Rose held out her hand. Henry stared at it briefly with his great blue eyes; then, as though pushed by some unseen adult urging him to mind his manners, he stepped forward and shook it. “I'm very pleased to meet you,” he said, not quite looking at anybody.

 

chapter 8

“So,” Tom said, standing with Henry in the middle of the guest room. “This is your room for as long as you're here.”

Henry looked around at the stodgy furniture and limp curtains and said nothing. Which was pretty much what he'd said since he'd announced to Rose that he was pleased to meet her. Henry, as Tom put it to himself, was choosing to stand mute, as any smart prisoner would who didn't have a clue what was going on.

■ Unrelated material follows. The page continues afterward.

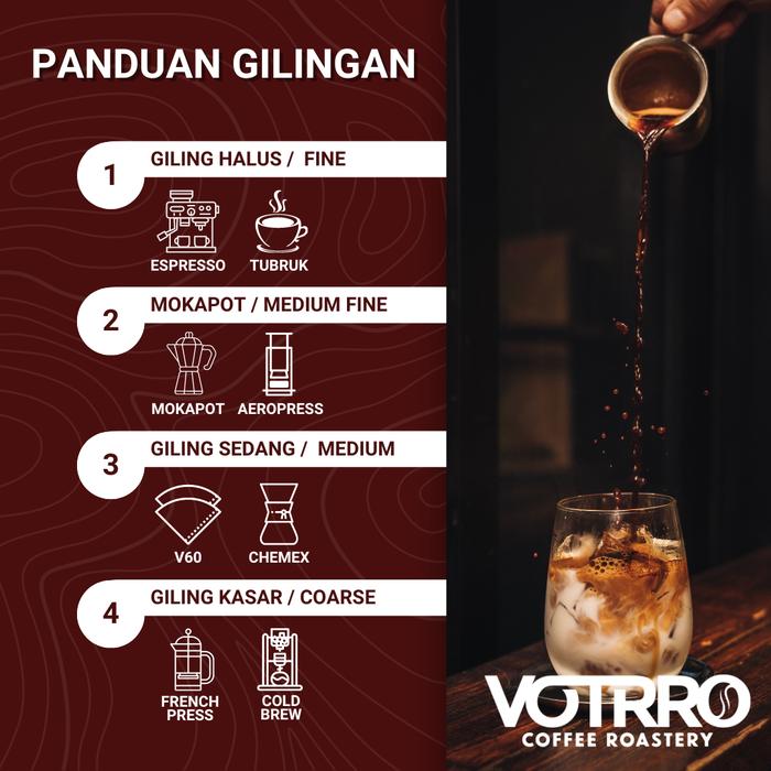 Rasakan keistimewaan kopi espresso premium dengan harga terjangkau. Votrro menghadirkan biji kopi Arabica Mandheling pilihan asal Sumatra, diproses Semi Washed dan di-roast medium dark khusus untuk ekstraksi espresso sempurna. Menghasilkan cita rasa bold dengan karakteristik unik, cocok untuk sajian classic espresso maupun kopi susu kekinian.

The one thing the boy had volunteered had been on the ride home. Out of the blue, he'd piped up from the backseat and said, “I know you're not my real father, but my mother said you're nice and I have to be with you because she can't take care of me, because she knows she's going out.”

And then he'd gone mute again.

That was the moment Tom had realized that biology had nothing to do with the right and wrong of this situation. If Henry wasn't biologically his, he was still his in the sense that homeless kittens were his. All his life, Tom had taken in homeless kittens, fed them, had them checked over by vets, found them good homes. It might take him a while to figure out what constituted the equivalent treatment of Henry, but just turning him over to the SPCA—i.e., taking him to social services—was out of the question.

A sigh drifted up from around his knees. As Henry making any sound was big news, Tom hitched up his trousers and squatted down to look him in the eye. The boy's eyes were large, long-lashed, and astoundingly blue—perhaps the one stamp his mother had left on him, although Retesia's eyes had been much, much paler. Henry's froth of tightly curled brown hair might need to be cut or might need to be left alone.
Oh dear,
Tom thought.
Three months of responsibility for the length of this child's hair.